Yorkshire Cancer Research Network, Leeds Cancer Centre, University of Leeds and CR-UK Open Day
25 April 2009
The Yorkshire Cancer Research Network, Leeds Cancer Centre, University of Leeds and CR-UK are holding an open day where you can hear about the work that they do.
They are keen to engage the public and patients they serve in learning more about the world class cancer research that is carried out and how they might consider becoming involved in this process. Having the input of the public is crucial to effective and meaningful research outcomes. This involvement could simply be reviewing information designed for patients, or by joining a steering groups/committee once every few months, or by helping to get the message across about the importance of cancer research in developing treatments in the future, through other events.
Fundamentals of Involving Patients as Partners in Clinical Research Activities
31 March 2009
UKCRN are holding a course on 'Fundamentals of Involving Patients as Partners in Clinical Research Activities'. This course is aimed at both health professionals and consumers. More information can be found on the UKCRN website.
INVOLVE 2008 Annual Conference
11-12 November 2008
A personal view from Richard Stephens, a cancer and heart patient
I attended the 6th INVOLVE Conference in November not simply as a cancer patient, but with a background in user involvement in all public services, at the design stage as well as monitoring performance.
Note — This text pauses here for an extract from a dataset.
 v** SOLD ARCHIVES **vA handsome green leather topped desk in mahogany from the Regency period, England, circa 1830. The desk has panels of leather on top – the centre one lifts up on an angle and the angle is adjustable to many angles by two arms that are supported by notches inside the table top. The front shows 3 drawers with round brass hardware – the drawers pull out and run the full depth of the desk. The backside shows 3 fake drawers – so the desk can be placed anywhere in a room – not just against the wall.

I found many useful examples of new methods of involvement, and of the impact of user involvement in changing service delivery. These came both from workshops (e.g. "Involving young people in evaluating mental health projects") and also from the many posters ("Ambulance services for Faith and BME communities").
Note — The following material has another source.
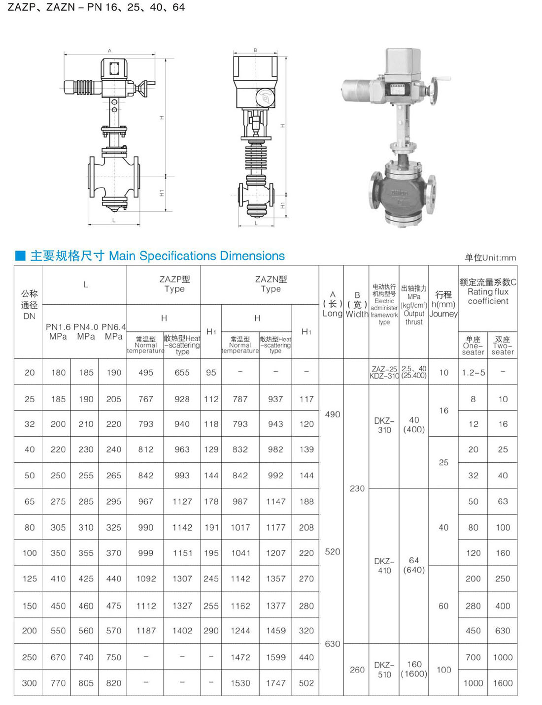 ZAZP、ZAZN -PN 16、25、40、64 電動調(diào)節(jié)閥

The conference was packed with small projects and groups making big differences, almost all of them working towards better service delivery or towards evaluating psycho-social impacts on patients or costs to the NHS and/or the patients.
"Evaluation" was the single most common topic in the workshops, and much of it was to the people who had taken part in the research and/or who would be directly affected by the results. This made for some challenging questions for the researchers, and for entertaining and informative ad hoc debates over tea and coffee.
Some of my fellow cancer patients observed that seeing research results presented to research subjects in Nottingham also made a nice change from academics presenting their results to other academics in exotic foreign locations or in learned journals.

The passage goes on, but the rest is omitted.